I just bought a great Pinarello Solo, what made my year... I'm in love with this bike.

I'm in doubt about the year it is from... anyone could give me a hint?

I attach some pictures.

It has got a completed Campagnolo Record 8v group, apart from the brakes (Chorus).

Thanks,
Carlos
Barcelona/Spain


----------



## lewdvig (Oct 4, 2004)

I think the parts are a bit older than the frame.
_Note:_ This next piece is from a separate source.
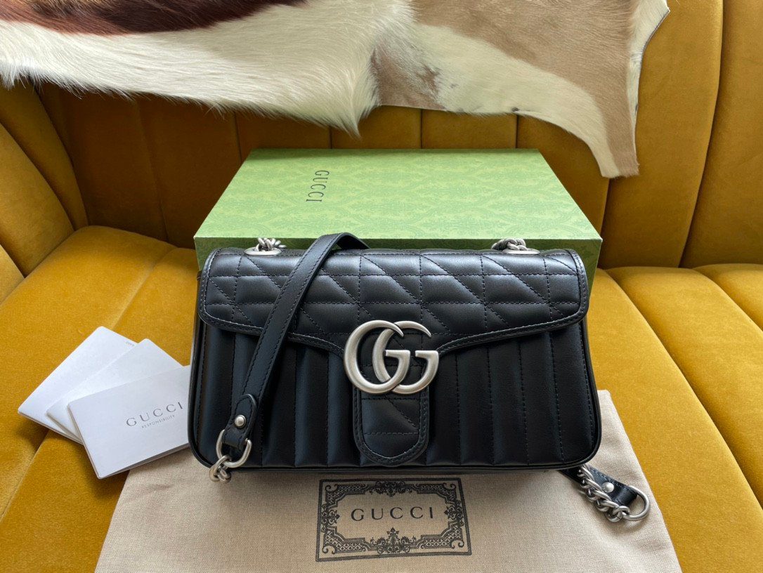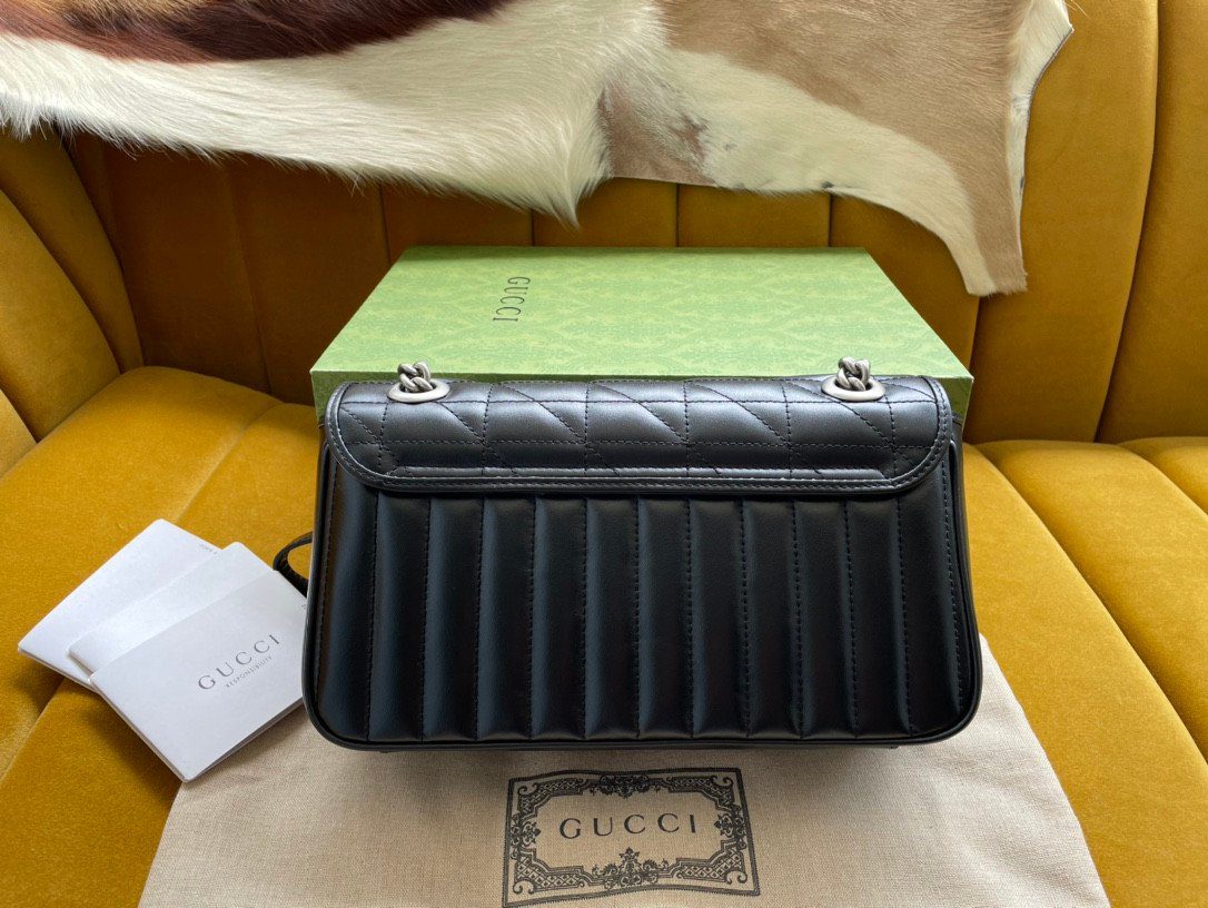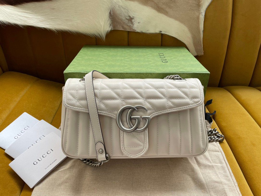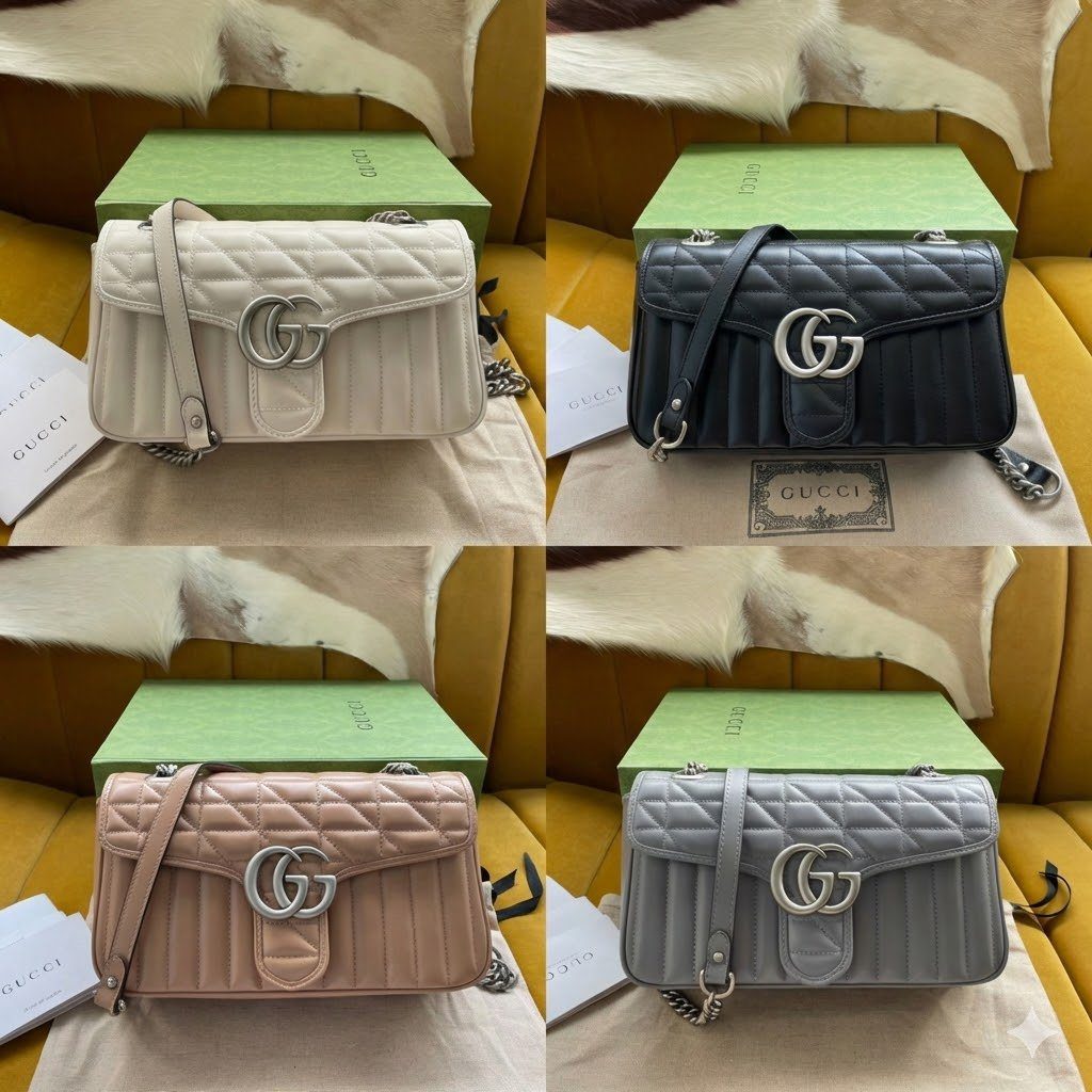 此款包袋严格遵循“原厂”级高标准精工细作,选用触感柔软细腻的优质皮革打造而成。作为 Aria 系列的特别版本,它为经典的 Marmont 风格注入了全新的几何美学:包身外部巧妙融合了垂直与斜向交织的绗缝缝线图案,呈现出别具一格的视觉效果。包盖正面饰有该系列的标志性“双 G”字母交织金属配件,采用光泽流畅的现代感银色饰面,与焕然一新的绗缝工艺相得益彰。

I would guess the frame to be late nineties and the drivetrain to be mid nineties.

Very nice!


----------



## armonfire (Feb 4, 2006)

I have an Asolo, that I bought in Treviso in January of 1998, it was a 62cm leftover from 1997.
Mine is bright yellow, other than the paint, from the pictures you have provided, I'm going to say it is a 1998, I remember seeing a few of them while shopping.

I love mine as well.

-dan


----------



## ikweetutnietmeer (Nov 23, 2008)

yes probably a mid 90s to late 90s
purchased an almost equal frame myself too last week
the dealer probably never did any effort to sell it since the time he bought it so the frame is totally new and just hung there..

check out my thread here: http://forum.fiets.nl/topic.asp?TID=28240
although it is in Dutch, it has some nice pics


----------